Una ceremonia que, al margen del efecto Buenafuente y siempre dentro de su sencillez, tuvo un poco de todo y para todos los gustos, incluyendo la dificultad de abrir cada uno de los sobres con los nombres de los ganadores. Secun de la Rosa y Javier Godino se dieron el cante y el baile, y además salieron victoriosos. A la prensa rosa se le cayó la baba al ver juntitos a Penélope Cruz y a Javier Bardem quien, por su parte, hizo sus pinitos como imitador de Malamadre. Álex de la Iglesia, como presidente y durante su discurso, rogó para que los premiados no se alargaran en sus muestras de agradecimiento, sugiriendo que se olvidasen de saludar a papá y a mamá; la mayoría de galardonados hicieron caso omiso de la sugerencia y siguieron dando rienda suelta a sus interminables peroratas. En plan políglota, tres de los laureados soltaron sus mensajes de gratitud en inglés, mientras que otro hizo un tanto de los mismo en italiano: La Academia del Cine y de las Lenguas. Santi Millán nos dio la paliza al acompañar en el escenario a una contable de Mollet del Vallés que tenía que otorgar un premio; la primera vez (y espero que última) que una persona no del oficio entregaba un Goya. Y, como sorpresa y remate final, gracias a la insistencia de Álex de la Iglesia, Pedro Almodóvar, tras varios años de ausencia goyesca, salía del armario de cara a la Academia.

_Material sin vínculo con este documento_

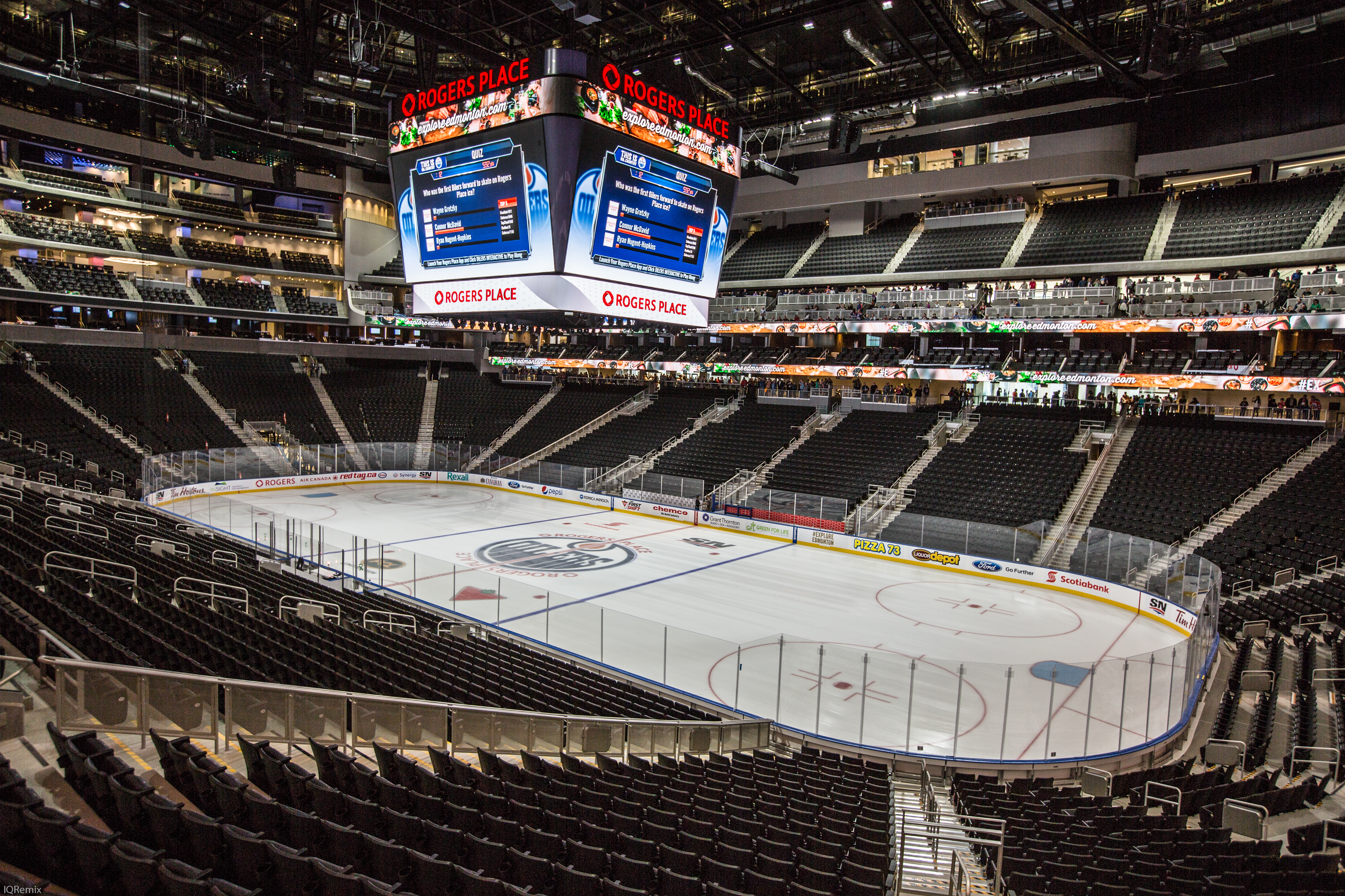 Overlooking the main concourse in Roger Place. September 10, 2016.

Celda 211 y Ágora estuvieron a punto del empate, pero al final, y a favor del film de Daniel Monzón, la cosa quedó en 8 a 7. La quinquería nacional por encima de la cultura y las religiones: ¡ahí es ná!. La película de Amenábar, como era de esperar, se hizo con casi todos los Goya técnicos. Otra cosa fue lo del galardón al mejor guión original, un premio a mi parecer injusto, pues es precisamente en este punto donde más patina su particular visión de la historia de Alejandría. Por su parte, Celda 211, además de conseguir los Goya a mejor película, dirección, guión adaptado, montaje y sonido, pudo coronar con éxito a tres de sus intérpretes: Marta Etura (actriz de reparto), Alberto Ammann (actor revelación) y a un Luis Tosar (actor principal) que, por unos instantes, dejó aparcado a su Malamadre y ejerció de gallego para saludar a los colegas de su tierra natal.

El Secreto de sus Ojos se hizo con el premio a la mejor película hispanoamericana y Soledad Villamil con el de mejor actriz revelación; una actriz revelación que, por cierto ya acumula 7 papeles protagonistas en su haber. Por su parte, Ricardo Darín, con dos nominaciones (El Secreto de sus Ojos y El Baile de la Victoria) y ausente de la gala por compromisos profesionales al igual que su galardonada compañera de reparto en el film de Campanella, se quedó en blanco al igual que le sucedió al título de Trueba: de El Baile de la Victoria pasó a ser El Baile de la Derrota.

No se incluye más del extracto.